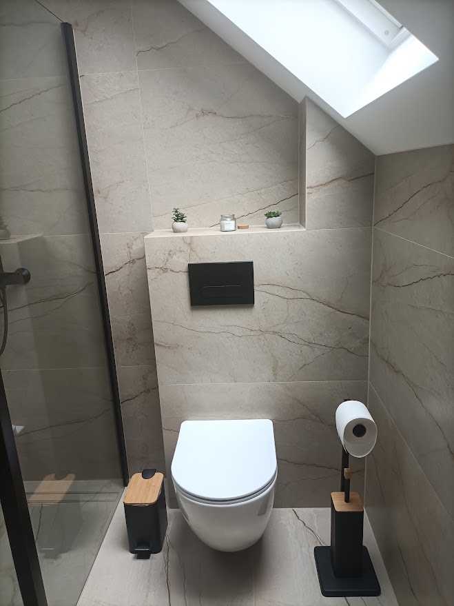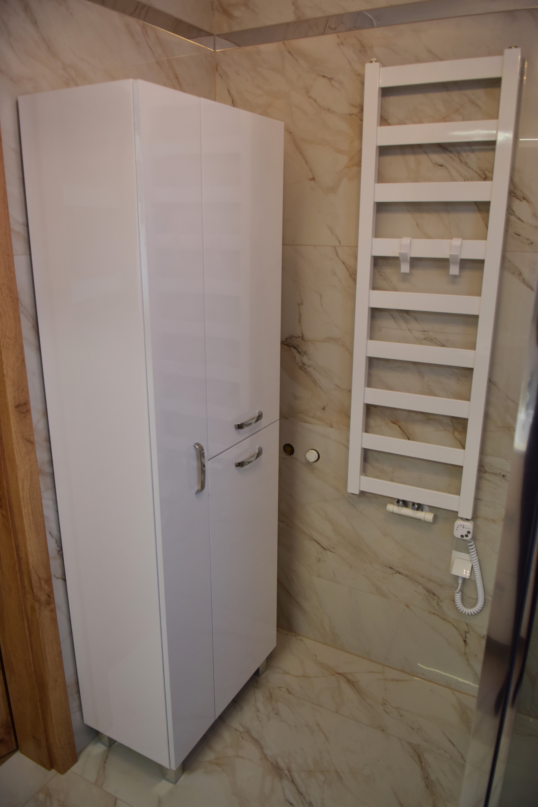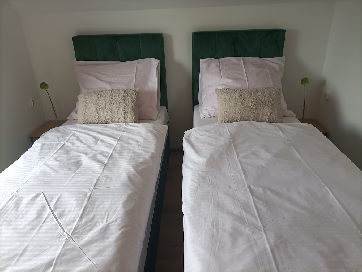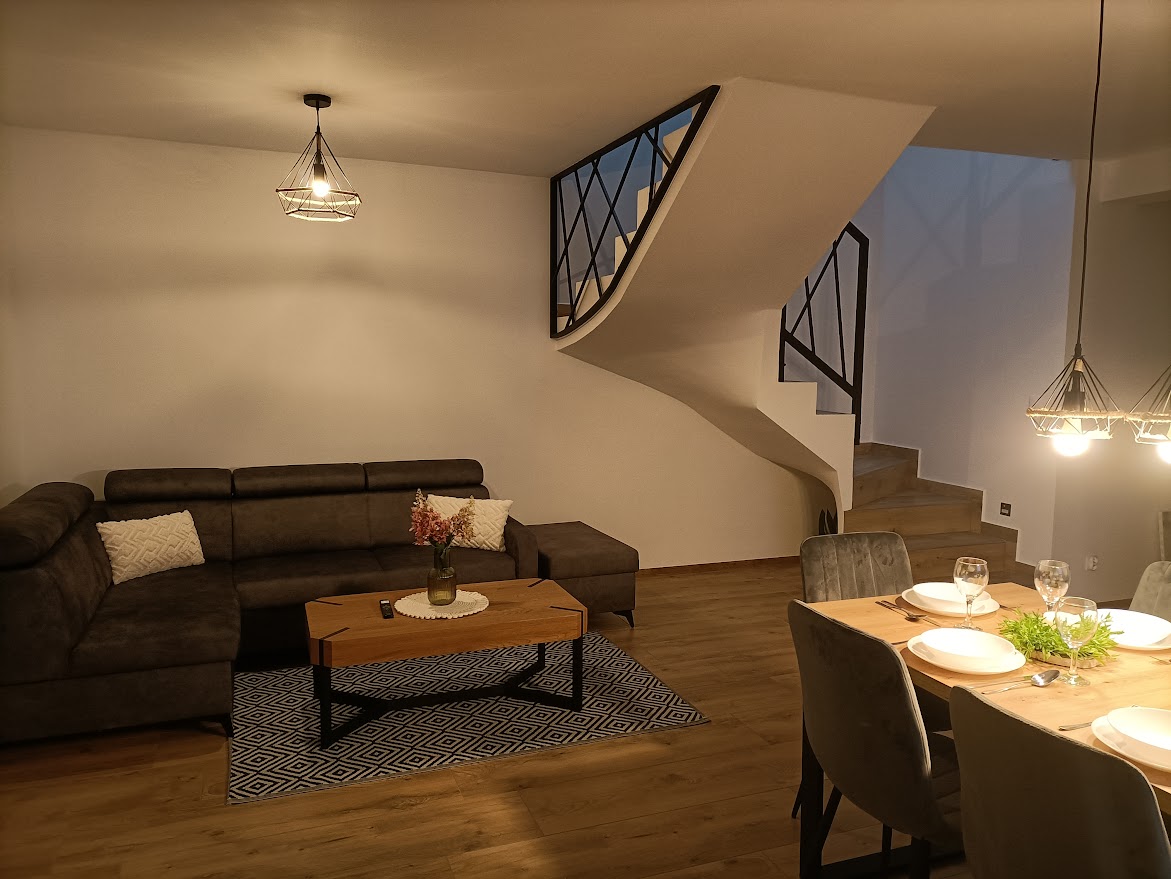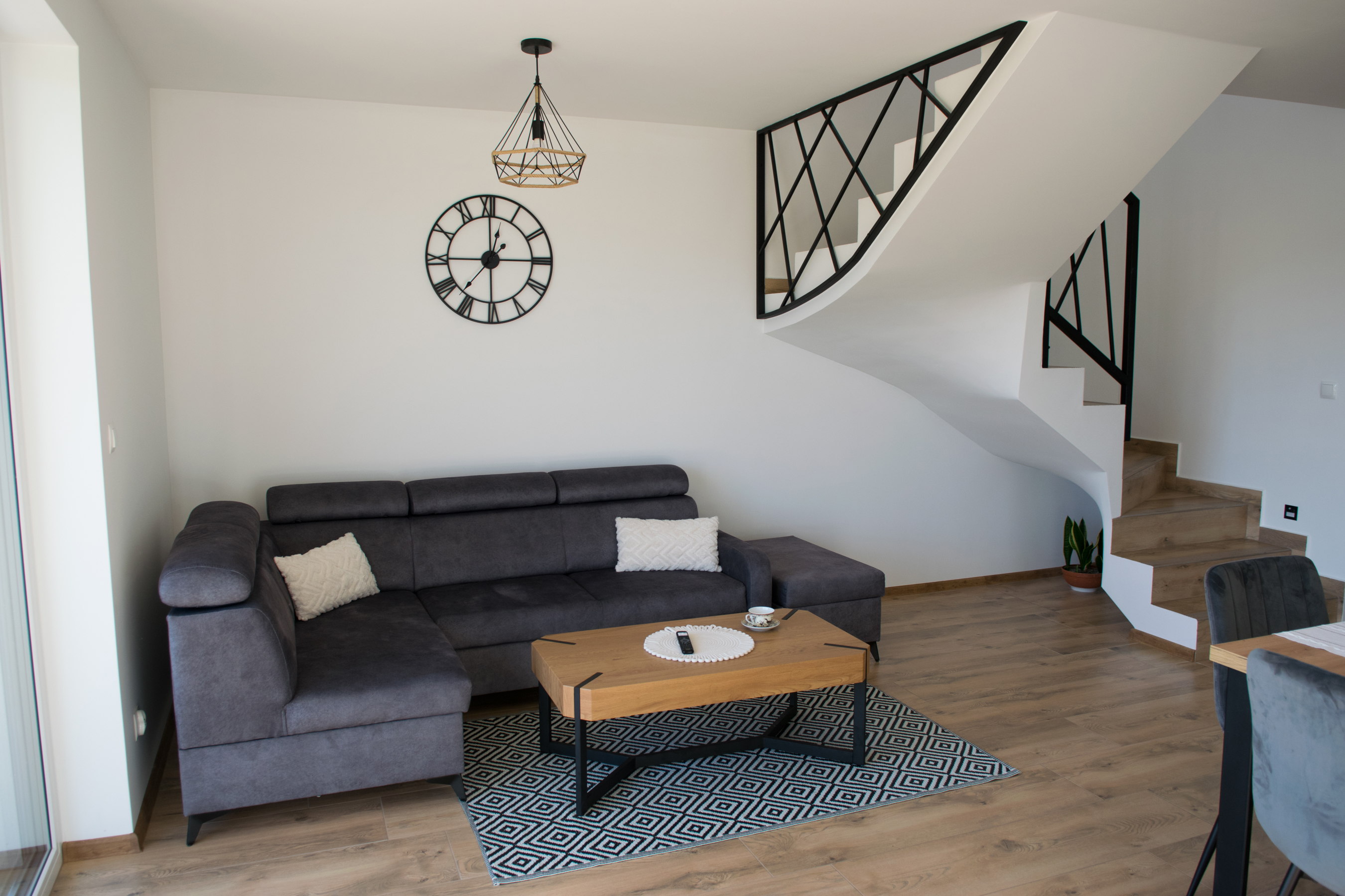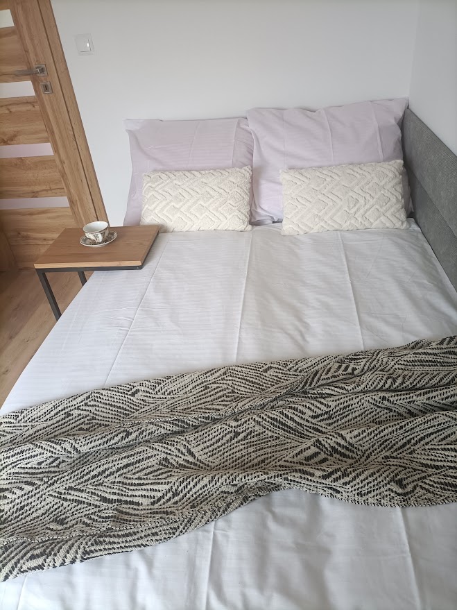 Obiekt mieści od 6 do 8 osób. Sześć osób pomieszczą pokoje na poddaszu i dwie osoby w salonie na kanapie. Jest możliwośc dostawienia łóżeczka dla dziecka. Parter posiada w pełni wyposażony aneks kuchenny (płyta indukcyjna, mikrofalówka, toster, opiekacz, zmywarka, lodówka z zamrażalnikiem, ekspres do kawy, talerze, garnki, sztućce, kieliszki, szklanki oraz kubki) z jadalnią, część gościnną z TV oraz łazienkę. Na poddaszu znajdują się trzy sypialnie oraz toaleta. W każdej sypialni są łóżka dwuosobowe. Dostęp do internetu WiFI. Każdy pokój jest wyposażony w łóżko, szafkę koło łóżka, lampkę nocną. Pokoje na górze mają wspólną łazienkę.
* * *
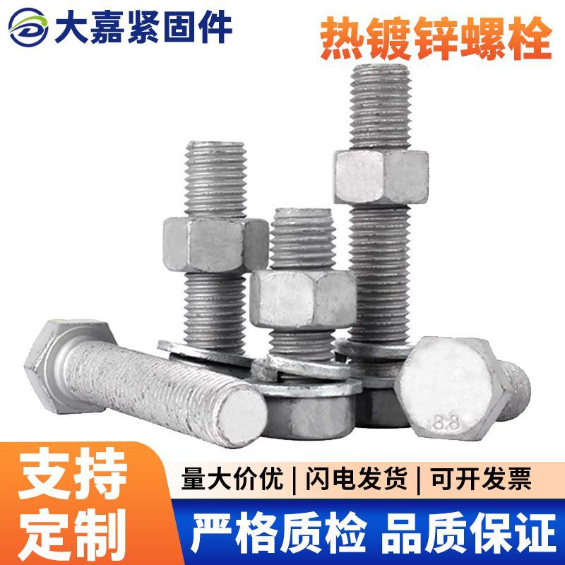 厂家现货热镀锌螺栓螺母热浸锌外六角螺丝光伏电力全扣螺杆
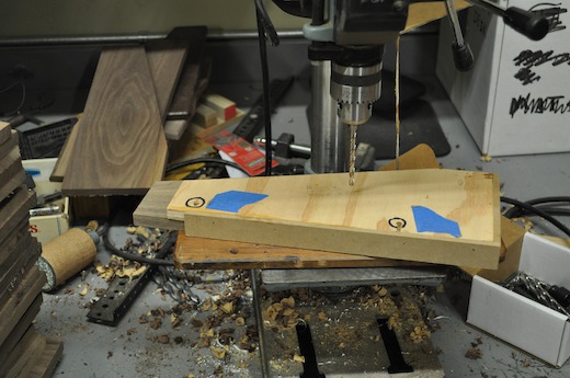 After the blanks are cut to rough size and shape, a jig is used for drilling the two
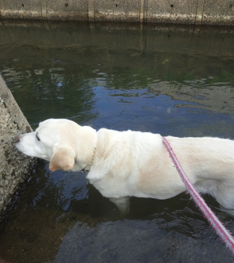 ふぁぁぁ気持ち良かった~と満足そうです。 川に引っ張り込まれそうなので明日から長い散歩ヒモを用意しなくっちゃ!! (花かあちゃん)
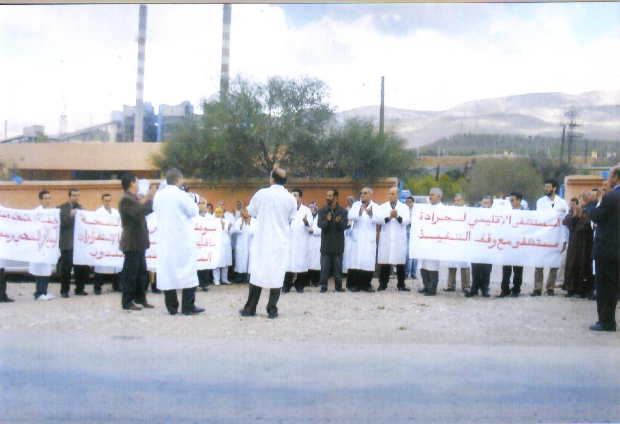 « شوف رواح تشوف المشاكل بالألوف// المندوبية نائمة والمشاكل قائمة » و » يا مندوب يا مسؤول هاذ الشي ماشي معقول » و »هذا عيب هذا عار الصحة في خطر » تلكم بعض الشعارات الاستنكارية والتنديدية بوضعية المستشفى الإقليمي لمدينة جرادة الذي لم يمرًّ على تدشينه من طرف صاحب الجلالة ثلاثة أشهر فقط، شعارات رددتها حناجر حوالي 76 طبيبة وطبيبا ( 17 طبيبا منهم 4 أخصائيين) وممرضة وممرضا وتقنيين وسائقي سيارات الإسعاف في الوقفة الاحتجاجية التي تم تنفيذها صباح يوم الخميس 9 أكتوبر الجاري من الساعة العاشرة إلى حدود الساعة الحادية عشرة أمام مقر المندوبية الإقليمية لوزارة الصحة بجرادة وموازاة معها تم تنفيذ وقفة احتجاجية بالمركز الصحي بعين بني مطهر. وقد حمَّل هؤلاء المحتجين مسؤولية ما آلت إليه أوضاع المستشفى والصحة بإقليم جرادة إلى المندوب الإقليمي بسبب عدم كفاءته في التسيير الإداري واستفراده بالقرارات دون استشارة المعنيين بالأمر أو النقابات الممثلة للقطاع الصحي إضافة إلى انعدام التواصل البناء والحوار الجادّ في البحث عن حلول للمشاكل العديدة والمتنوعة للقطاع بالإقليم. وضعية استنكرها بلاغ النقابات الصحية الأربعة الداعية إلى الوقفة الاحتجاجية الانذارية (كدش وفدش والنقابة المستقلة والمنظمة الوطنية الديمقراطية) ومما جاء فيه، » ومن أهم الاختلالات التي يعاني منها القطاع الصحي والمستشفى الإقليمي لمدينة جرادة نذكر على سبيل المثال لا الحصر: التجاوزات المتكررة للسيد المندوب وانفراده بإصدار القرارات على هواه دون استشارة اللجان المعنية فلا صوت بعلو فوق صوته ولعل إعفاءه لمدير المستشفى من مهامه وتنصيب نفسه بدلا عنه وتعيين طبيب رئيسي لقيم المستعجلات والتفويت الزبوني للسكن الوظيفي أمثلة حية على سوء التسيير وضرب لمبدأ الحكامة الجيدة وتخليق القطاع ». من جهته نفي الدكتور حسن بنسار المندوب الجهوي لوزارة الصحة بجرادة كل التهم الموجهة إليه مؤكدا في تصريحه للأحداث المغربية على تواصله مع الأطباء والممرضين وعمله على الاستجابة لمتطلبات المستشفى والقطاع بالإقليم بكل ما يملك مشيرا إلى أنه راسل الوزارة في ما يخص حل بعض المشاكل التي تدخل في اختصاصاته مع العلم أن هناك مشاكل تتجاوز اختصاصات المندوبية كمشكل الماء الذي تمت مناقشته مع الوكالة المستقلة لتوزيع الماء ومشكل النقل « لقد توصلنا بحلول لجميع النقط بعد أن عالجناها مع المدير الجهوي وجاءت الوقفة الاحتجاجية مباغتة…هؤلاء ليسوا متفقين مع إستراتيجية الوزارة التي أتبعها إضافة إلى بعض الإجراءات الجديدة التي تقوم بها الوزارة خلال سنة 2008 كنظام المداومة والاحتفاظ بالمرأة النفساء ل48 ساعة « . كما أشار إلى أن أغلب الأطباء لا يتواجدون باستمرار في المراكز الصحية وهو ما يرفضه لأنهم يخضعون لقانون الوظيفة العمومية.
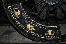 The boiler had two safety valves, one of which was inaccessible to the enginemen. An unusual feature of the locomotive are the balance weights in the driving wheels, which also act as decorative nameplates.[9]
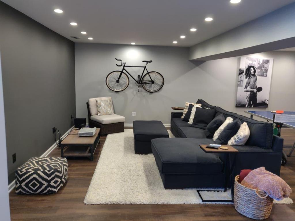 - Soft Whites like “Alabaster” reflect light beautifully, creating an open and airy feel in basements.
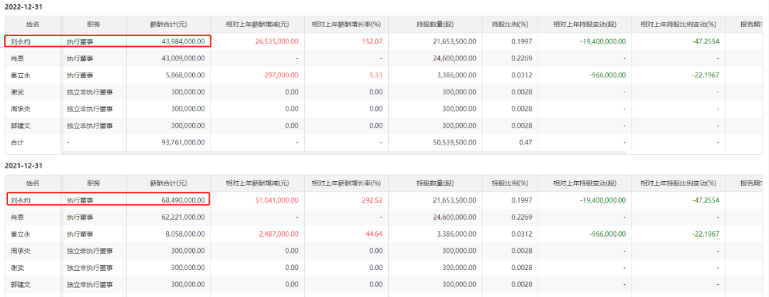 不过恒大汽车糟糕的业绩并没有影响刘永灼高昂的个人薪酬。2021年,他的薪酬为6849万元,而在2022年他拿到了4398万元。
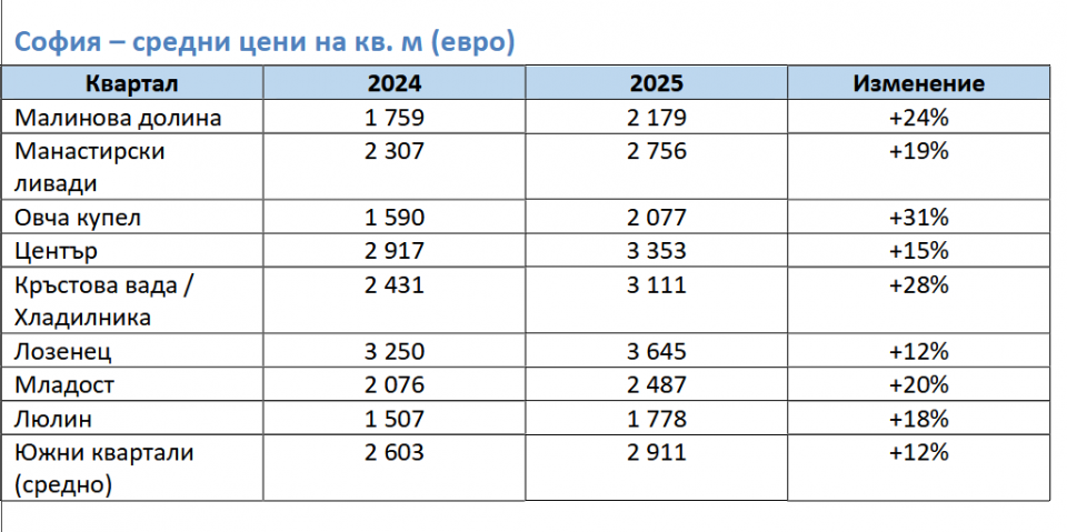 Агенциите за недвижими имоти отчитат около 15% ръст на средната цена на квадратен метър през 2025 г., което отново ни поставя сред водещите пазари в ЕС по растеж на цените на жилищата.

### EXERCISE OBJECTIVE
Give exactly the lines above that run from the line with "The boiler had" to the line with "Агенциите за недвижими", both included, leaving every picture out.

### TASK RESULT
 The boiler had two safety valves, one of which was inaccessible to the enginemen. An unusual feature of the locomotive are the balance weights in the driving wheels, which also act as decorative nameplates.[9]
 - Soft Whites like “Alabaster” reflect light beautifully, creating an open and airy feel in basements.
 不过恒大汽车糟糕的业绩并没有影响刘永灼高昂的个人薪酬。2021年,他的薪酬为6849万元,而在2022年他拿到了4398万元。
 Агенциите за недвижими имоти отчитат около 15% ръст на средната цена на квадратен метър през 2025 г., което отново ни поставя сред водещите пазари в ЕС по растеж на цените на жилищата.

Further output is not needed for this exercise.